In the UNDP report, John Holmes, the UN's emergency relief co-ordinator, denounced the Israeli blockade as "collective punishment". And in the wake of the deadly raid on the flotilla last week, Robert Serry, the UN special co-ordinator for the Middle East peace process, and Filippo Grandi, the commissioner general of the UNRWA, condemned the siege as "counterproductive and unacceptable". Israel says it instituted the blockade in order to pressure Hamas, which it considers a terrorist organisation, and to end rocket attacks. The Islamist movement ousted Fatah-affiliated security services and took sole control of the Gaza Strip in June 2007, a year and a half after winning parliamentary elections and in reaction to ever-escalating factional infighting.
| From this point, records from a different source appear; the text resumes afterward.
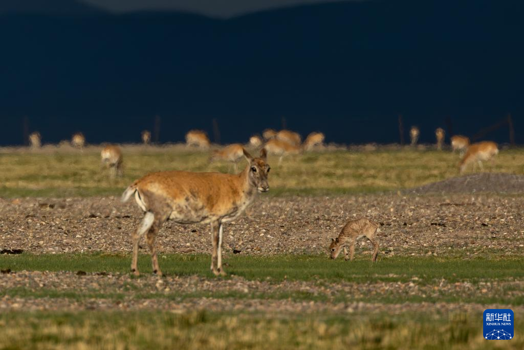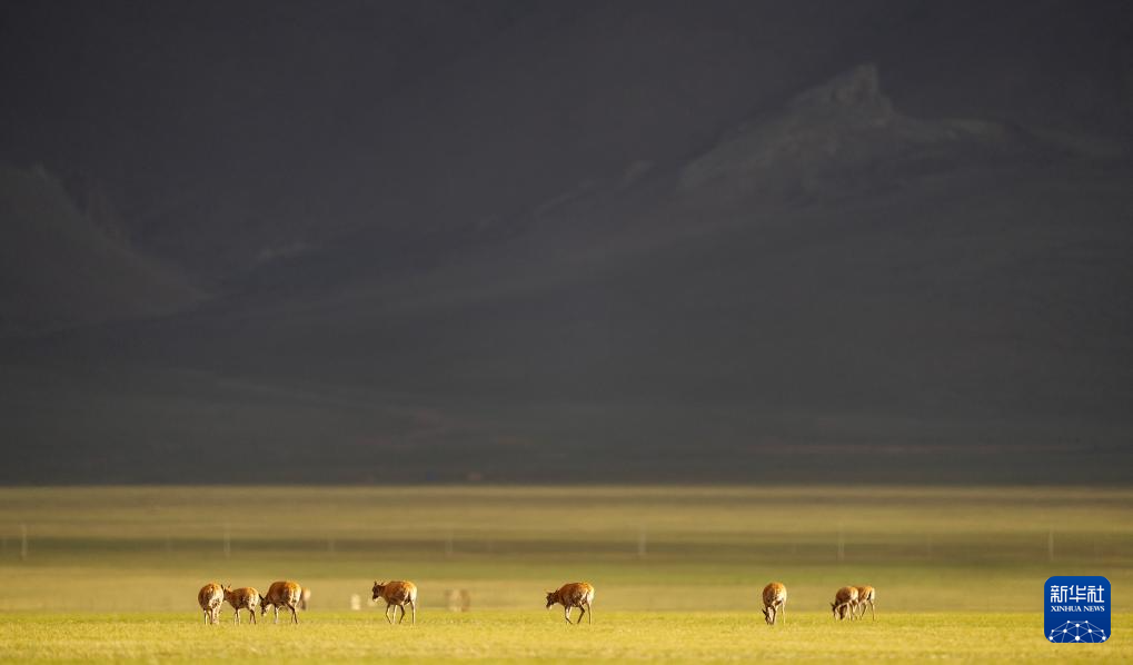 夕陽下,母藏羚羊在魯確塘草原上活動(6月16日攝)。新華社記者 晉美多吉 攝
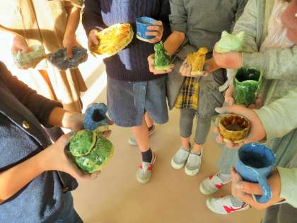 写真は、焼き物、乗り物クラブの様子です。
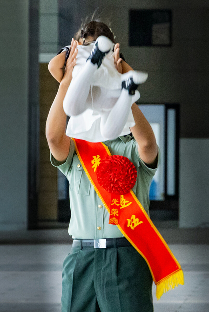 2025年9月5日,淄博高铁站广场。一名退役军人将迎接自己回家的孩子高高举起。
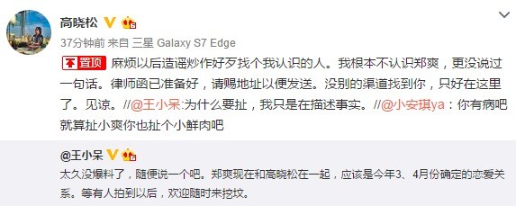 因微博用户“王小呆V”与“八卦壹姐V”在各自微博空间陆续发布谣传高晓松与影视演员郑爽谈恋爱的信息,高晓松将新浪微博平台公司及微博账户持有人起诉至法院,要求停止名誉侵权、赔礼道歉并赔偿损失。日前,海淀法院一审判令“王小呆V”账号持有人在个人微博账户连续15日发布致歉声明,支付精神损害抚慰金50000元及公证费5000元、律师费20000元。同时判令“八卦壹姐V”持有人向高晓松致歉并赔偿损失。(3月30日法制网)
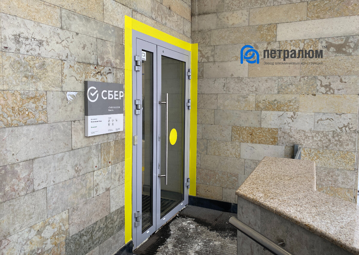 Специалисты компании «Петралюм» установили дверной блок архитектурно- строительной системы в отделении «Сбербанка».

In fact, however, Israel had already significantly restricted the movement of goods to and from Gaza since 2001, and long before Hamas took control. In 2005, the Middle East Quartet - the United States, the EU, the UN and Russia - mediated the Agreement on Access and Movement, in part to help determine Gaza's ability to trade and interact with the outside world ahead of Israel's withdrawal that year from its settlements in Gaza. The AMA remains the UN's benchmark for how many truckloads of goods should enter and leave Gaza. Israel has never come close to meeting those quotas.
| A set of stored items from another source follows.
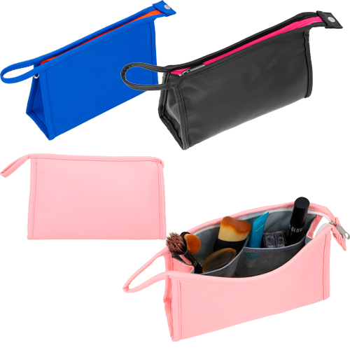 Cosmetiquera con forro. Cuenta con cierre superior y dos compartimentos interiores de malla.
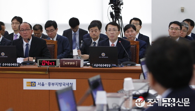 (조세금융신문=전한성 기자) 서울지방국세청과 중부지방국세청에 대한 국회 기획재정위원회의 국정감사가 11일 오전 서울 종로구 수송동 서울지방국세청에서 열린 가운데 김연근(오른쪽) 서울청장과 김재웅 중부청장이 나란히 앉아 새누리당 심재철 의원의 질의를 듣고 있다.
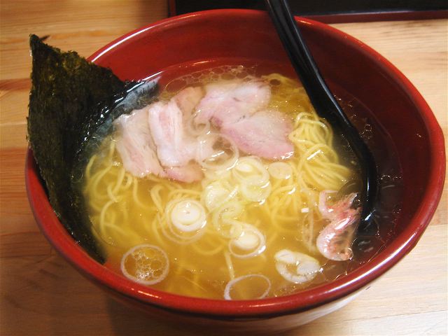 出てきたラーメンのスープは鶏ガラダシの塩味である。エビの風味は少し弱いようだ。麺は細やや縮れで、スープの絡みはよい。具は、チャーシュー・桜エビ・のり・ネギ。スモークしたような薄いチャーシューは個性的である。(2009/10/28)
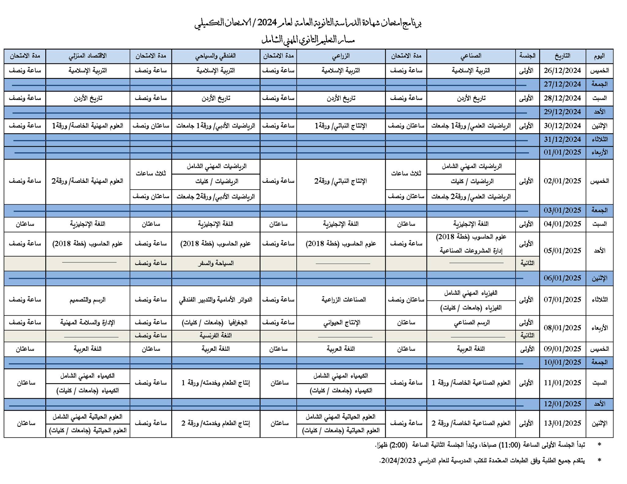 وبحسب الوزارة سيكون أول أيام الامتحان الخميس الموافق 26 كانون أول 2024، وآخر أيام الامتحان الاثنين الموافق 13 كانون ثانٍ 2025 في حين تبدأ الجلسة الأولى في تمام الساعة الحادية عشرة صباحًا كما وستبدأ الجلسة الثانية في تمام الساعة الثانية ظهرًا.
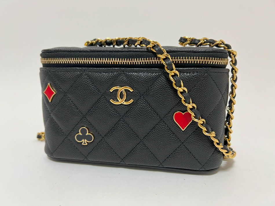 CHANEL シャネル トランプ バニティ チェーンショルダーバッグ マトラッセ キャビアスキン ブラック ランダム AP3079 超美品
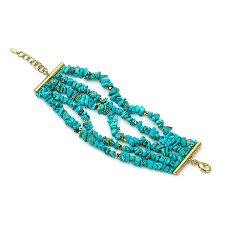 Pulseira 5 Fios Pedra Turquesa em Banho de Ouro 18K
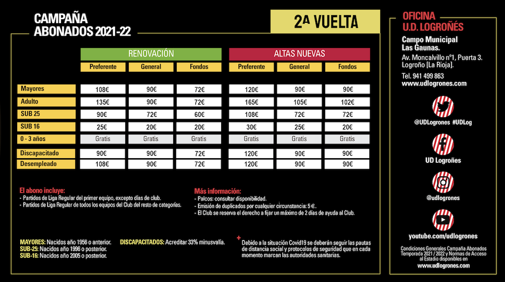 La adquisición de los abonos podrá realizarse desde ahora tanto de forma presencial, en las oficinas del club, en Las Gaunas (de lunes a viernes, de 10 a 13.30 horas y de 16 a 20 horas), como a través de la web oficial (http://www.udlogrones.com) en la sección de ‘Área Social’.
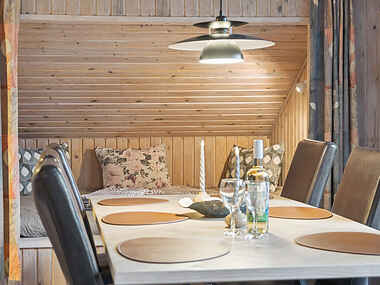 Efter en dag ude kan I tænde op i brændeovnen eller lade varmepumpen sikre et behageligt indeklima. Badeværelset byder på både gulvvarme, hjørnespa og sauna – oplagt til afslapning året rundt.
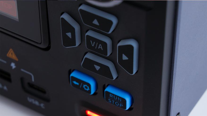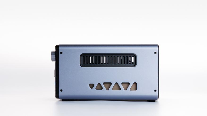 Спереди дисплей (с небольшим поворотом в вертикальной плоскости, чтобы было удобнее считывать показания), сгруппированные кнопки и энкодер управления и два разъема для быстрой зарядки смартфона и других портативных устройств (до 45 Вт на выходе с поддержкой протокола PD 3.0). Плюс наглядный вытянутый индикатор работы (красный/зеленый цвет).

Israel did dramatically tighten the blockade on Gaza in the wake of the Hamas takeover, but Mrs Najar, who proudly proclaims her family's Fatah ties, is in no doubt that it has little to do with Hamas and has little effect on the movement's control over Gaza. "They say they want to punish Hamas. But they are punishing everybody." The deadly raid that put a violent halt to the flotilla's attempt to reach Gaza was therefore watched closely in the Najar household, as it was throughout Gaza. Kefayeh, whose continued education is a source of obvious pride to her parents, said the activists onboard "deserve all our respect".

"But governments need to be involved," said Kefayeh, who has a habit of folding her face into a serious expression when talking, adopting a pose suitable to the career in broadcast journalism that she hopes to pursue. "Israel showed how determined it is to keep the siege, and without international help it will continue." Ending the blockade, she added, is the only remedy for Gaza's ills. "They've destroyed our lives with this siege," said Mr Najar. "I used to be a strong man, a good worker. Now, I can't feed my family. I am a beggar. End the siege and leave us alone in Gaza. We will feed ourselves."